An example. Programming-by-contract consists of adding pre- and post- conditions to code that are, hopefully, complete. We'll ignore that "hopefully" for a moment and introduce some example code for a post- condition:

post[a]:
    # length of array is unchanged
    len(a) == len(__old__.a)
    # all elements given are still in the array
    forall(__old__.a, lambda e: __old__.a.count(e) == a.count(e))
    # the array is sorted
    forall([a[i] >= a[i-1] for i in range(1, len(a))])

This is from Contracts for Python (pycontract). These checks are for a sort(...) function, but note that they don't specify whether the sort(...) function works or not for all its inputs, which is a definition of a proof. They merely test the sort(...) function every time you feed it some input. So in other words, they're really no different from a test suite, albeit one which is said to be a complete set of tests. (You would have to verify this on every possible input, though, which is impossible because there are an infinite amount.)

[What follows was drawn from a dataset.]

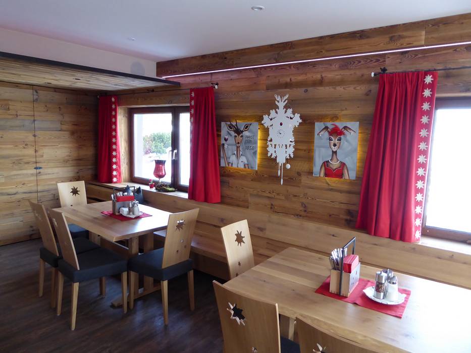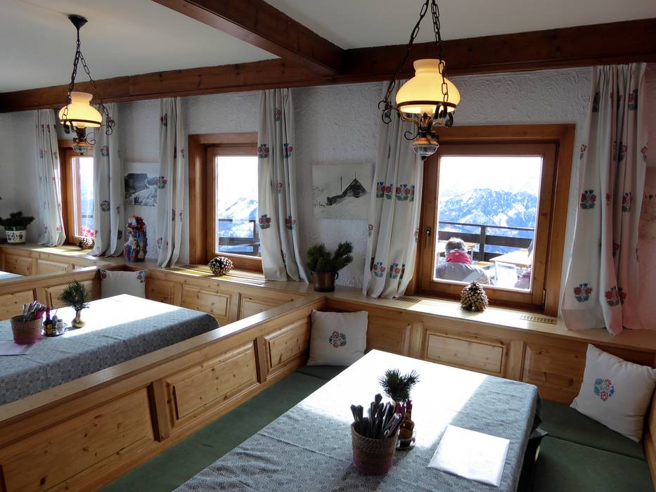 Die urige und gemütliche Hütte bietet eine Sonnenterrasse mit schönem Panoramablick. Bei kaltem Wetter wärmt der Kachelofen in der Stube. Es werden regionale Schmankerl angeboten.

Given that Dijkstra said "deal with all elements of a set by ignoring them and working with the set's definition", clearly he wasn't thinking about programming-by-contract.

One question I have about what Dijkstra argues is whether the idea of proof based programming applies to higher level langauges. Since there weren't any really high level languages like perl6 around when Dijkstra wrote the paper, in 1988, perhaps he merely didn't think about them, thus rather succumbing to the thing that he warned against. That would seem odd though.

An alternative is that there is a positive answer to the underlying question, i.e. are high-level programming languages compatible with provability? I've been thinking about this with respect to perl6, which is getting very generalised, with its bytecode broken out into Parrot and hence perl6 being viewable as just a dialect for a particular set of core semantics. Surely there are people working on these core semantics, their verifiability at different levels, and so on?

Kevin Reid pointed out that bugs (or errors, as Dijkstra suggest we call them) can manifest at various levels of a system. My power supply might get interrupted, or my OS might crash, or the code might memory leak, or it might assign the empty string to a buffer that had important information, or its interface might coerce me into making a mistake when using it. I'm interested in the high-level bugs because those are ones that I can rectify. I can write a new editor, but I can't write a new OS. I think that it's more critical to fix OSes than editors, but that's not something you can hack on in your garage: that requires social placement and other serendipities. And, indeed, perhaps some kind of trickledown effect may be observed whereby making more robust high-level programs may lead to people in the right places putting more effort into creating robust low-level programs. Which is ironic since usually I think about it from the other way around.

2007-08-15 13:24 UTC:

Björn points out that "you don't really want to know what a system does, so long as it does what you want it to". Kevin grumbles that his point about contracts being more like goals rather than proofs didn't reach Whits, so I'm putting that right here. In other words, he says, "it is true that the contract is not a proof; but it is a formal specification of something to prove". So programming-by-contract is something which is useful to the act of proof, just in an orthogonal direction.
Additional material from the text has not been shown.